■ **What you will do**
Please set down the lines of the listing exactly, from its first line to the line with "Take your wardrobe to", leaving the pictures out.

■ **Data extract**

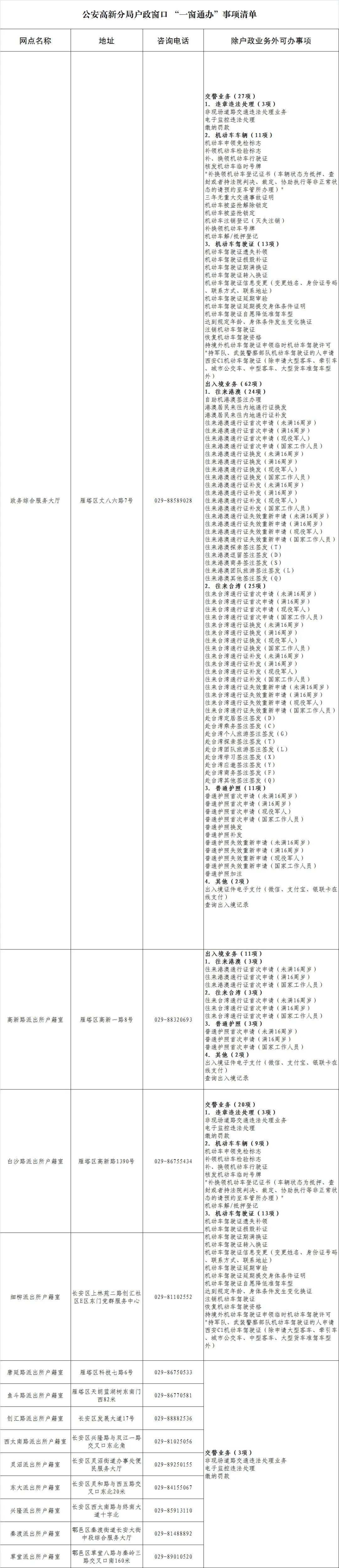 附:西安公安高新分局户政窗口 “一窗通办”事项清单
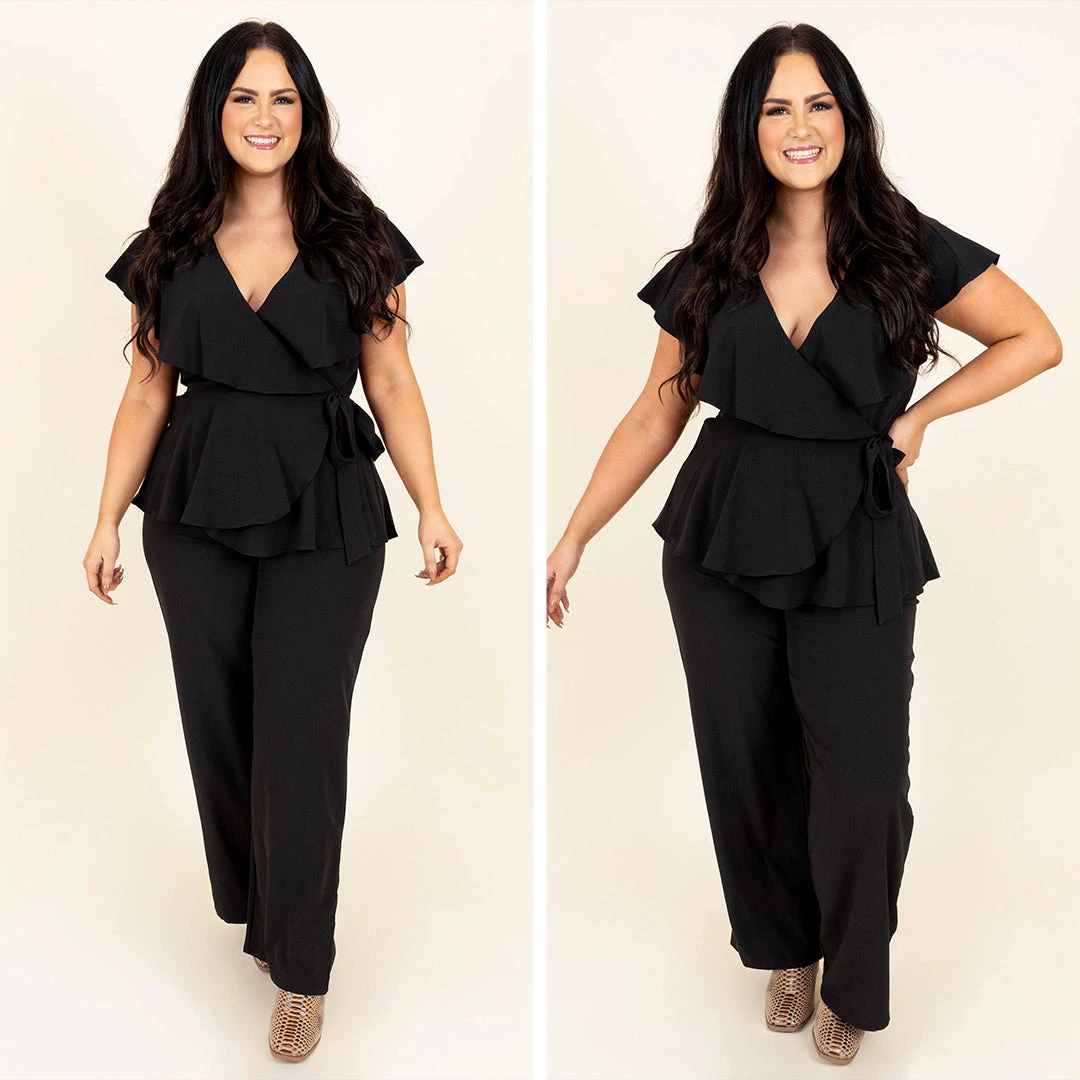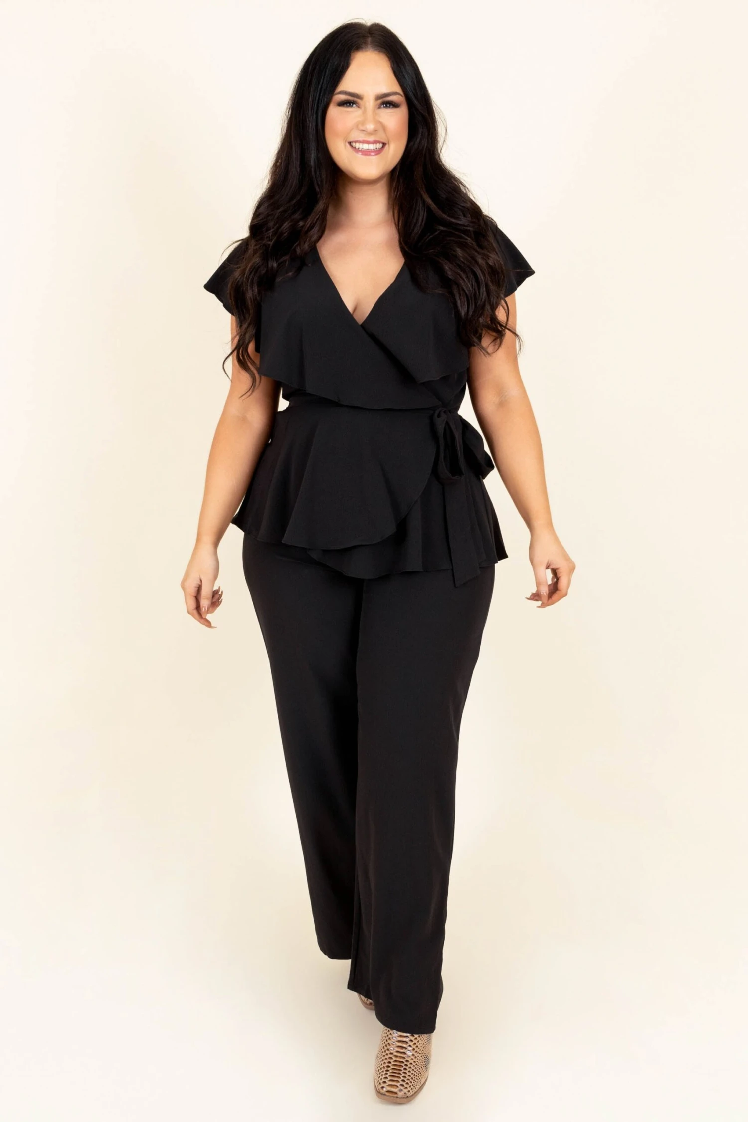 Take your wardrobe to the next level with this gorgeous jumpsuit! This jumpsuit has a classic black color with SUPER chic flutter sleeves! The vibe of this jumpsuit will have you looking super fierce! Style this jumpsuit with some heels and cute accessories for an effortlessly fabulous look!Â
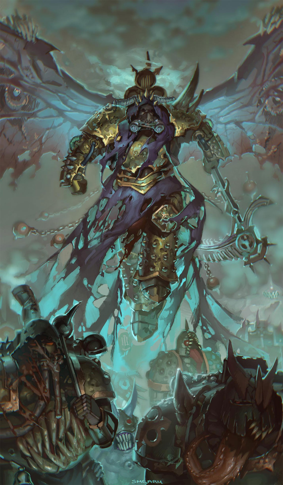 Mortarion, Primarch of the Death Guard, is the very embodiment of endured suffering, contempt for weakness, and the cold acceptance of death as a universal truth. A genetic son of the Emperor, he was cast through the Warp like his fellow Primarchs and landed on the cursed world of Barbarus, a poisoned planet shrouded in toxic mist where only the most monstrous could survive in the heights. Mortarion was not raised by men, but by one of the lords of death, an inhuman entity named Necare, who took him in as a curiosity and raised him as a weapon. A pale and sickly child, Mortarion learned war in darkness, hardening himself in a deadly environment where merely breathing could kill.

■ **Exercise output**
 附:西安公安高新分局户政窗口 “一窗通办”事项清单
 Take your wardrobe to the next level with this gorgeous jumpsuit! This jumpsuit has a classic black color with SUPER chic flutter sleeves! The vibe of this jumpsuit will have you looking super fierce! Style this jumpsuit with some heels and cute accessories for an effortlessly fabulous look!Â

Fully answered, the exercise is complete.